Dealing with mongoDB restrictions on field names

Unstructured databases are awesome in many ways, especially when your application requires a storage with a flexible schema. However, even the most flexible of the databases needs a way to reference the different parts of the information into the database model.

In mongoDB, this system of references is inspired by JSON and uses a dot notation where the field identifiers are separated by dots.
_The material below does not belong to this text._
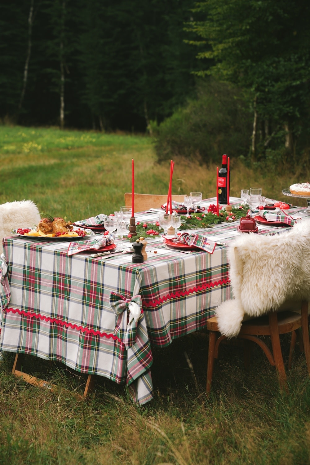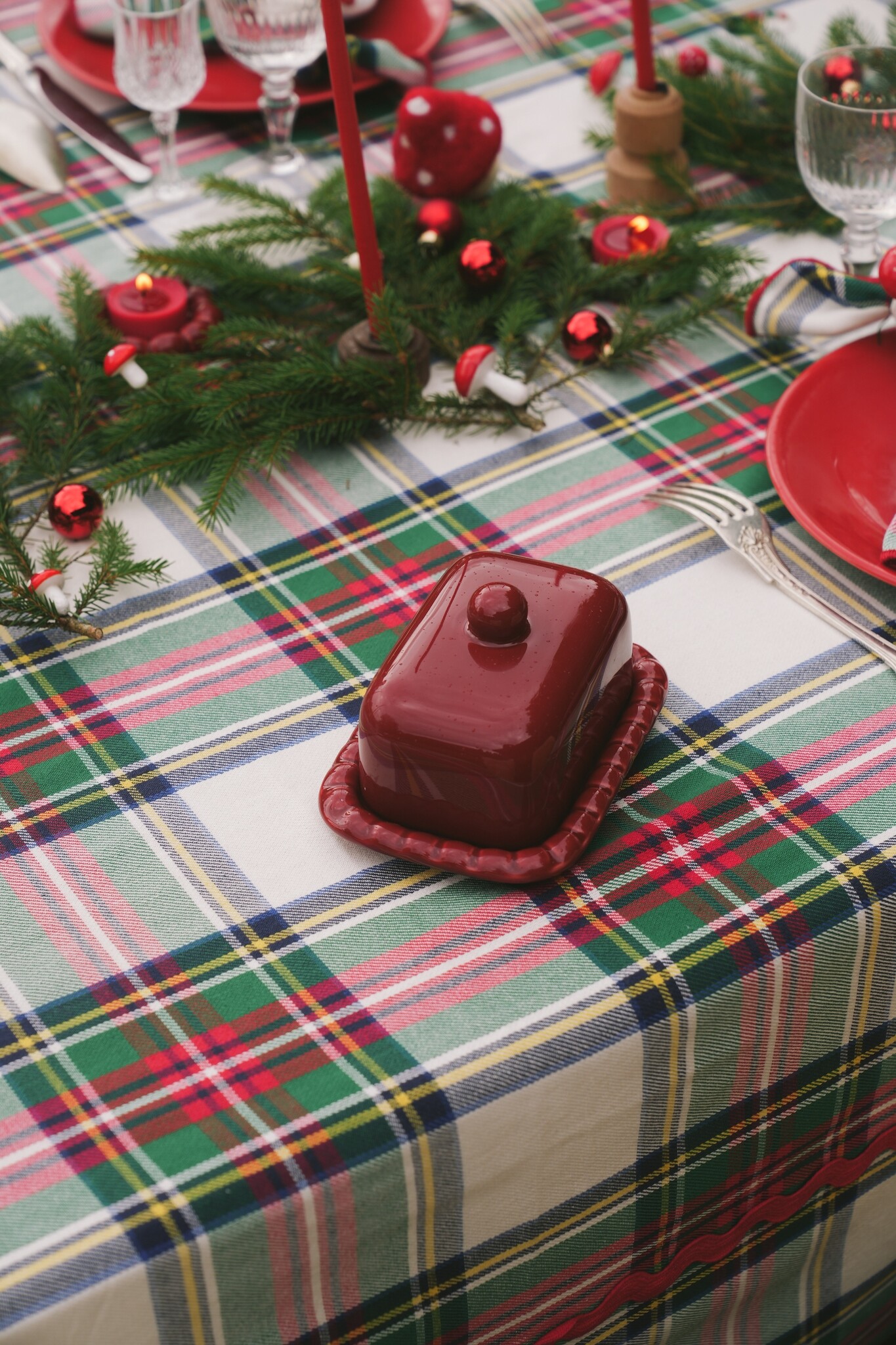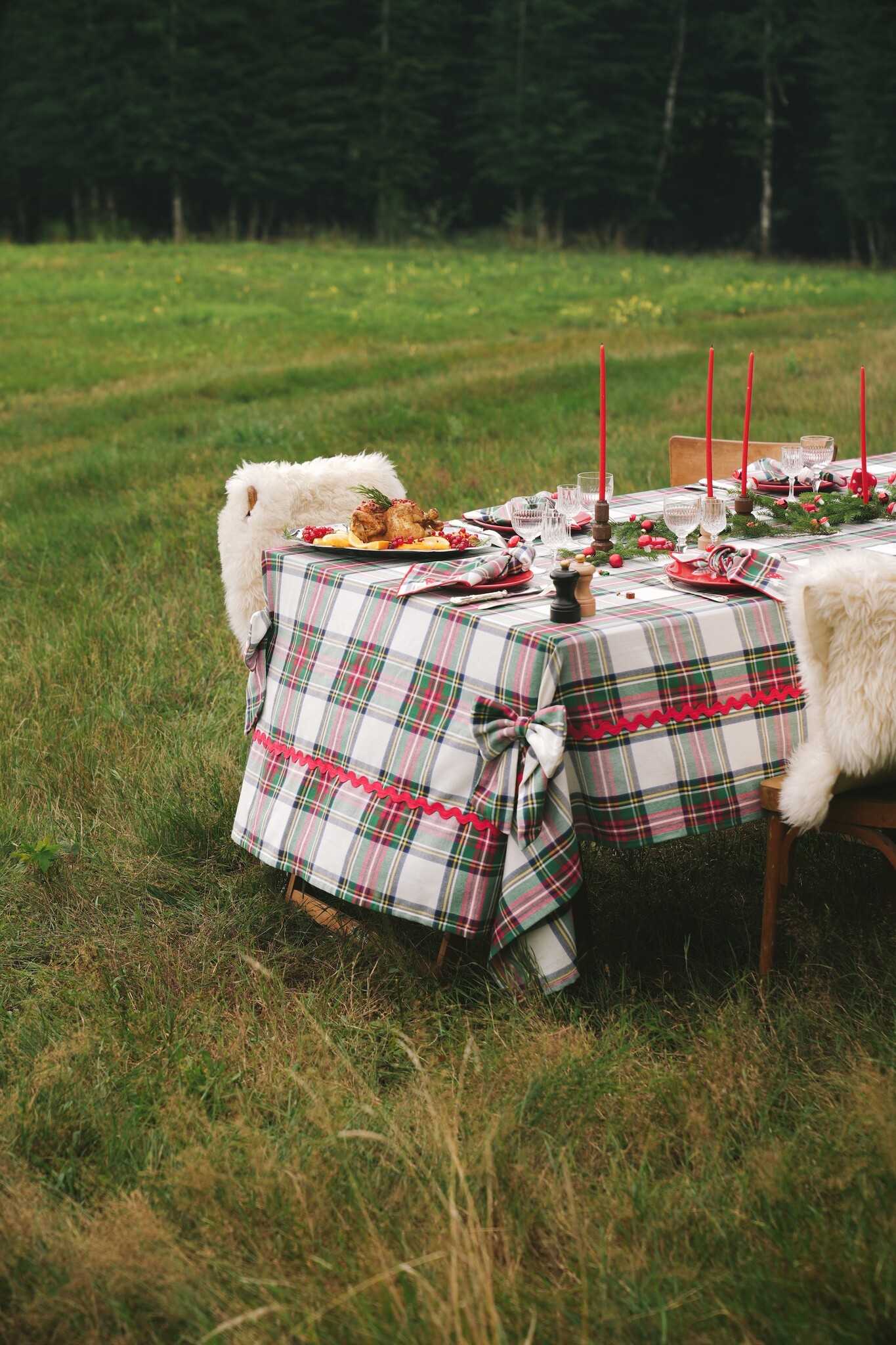 Het Maison Dînette Highland Snow tafelkleed (250 × 170 cm) brengt een klassieke tartanruit en een feestelijke winterlook samen in 100% geweven katoen. Lees meer

For example, in the following example the dot notation is used in a query to search all documents in the collection inventory where the value of the field producer is an embedded document that contains a field company with the value 'ABC123':

db.inventory.find( { 'producer.company': 'ABC123' } )

Since the dot (.) is a recognized operator in mongoDB, there exits restrictions on its use, in especial as part of field names:

"Field names cannot contain dots (i.e. .) or null characters, and they must not start with a dollar sign (i.e. $)."

The proposed alternative to deal with this restriction is to substitute the reserved characters with their Unicode full width equivalents:

"In some cases, you may wish to build a BSON object with a user-provided key. In these situations, keys will need to substitute the reserved $ and . characters. Any character is sufficient, but consider using the Unicode full width equivalents: U+FF04 (i.e. “＄”) and U+FF0E (i.e. “．”)."

It's not that a big deal, until you realize that this restriction also applies to your mapped Java classes. If you are using the latest version of the Java mongoDB Driver you will be relying on a Document to represent a key-value map that can be saved to your mongoDB database. To illustrate this problem, let's have a look at this class and in particular to the constructor Document(Map<String,Object> map), which provides a simple way to create a new document in the database from a Java Map. If you create a map with a key containing a mongoDB reserved character, such as the dot (.), then any attempt to insert your map in the database will fail with an exception.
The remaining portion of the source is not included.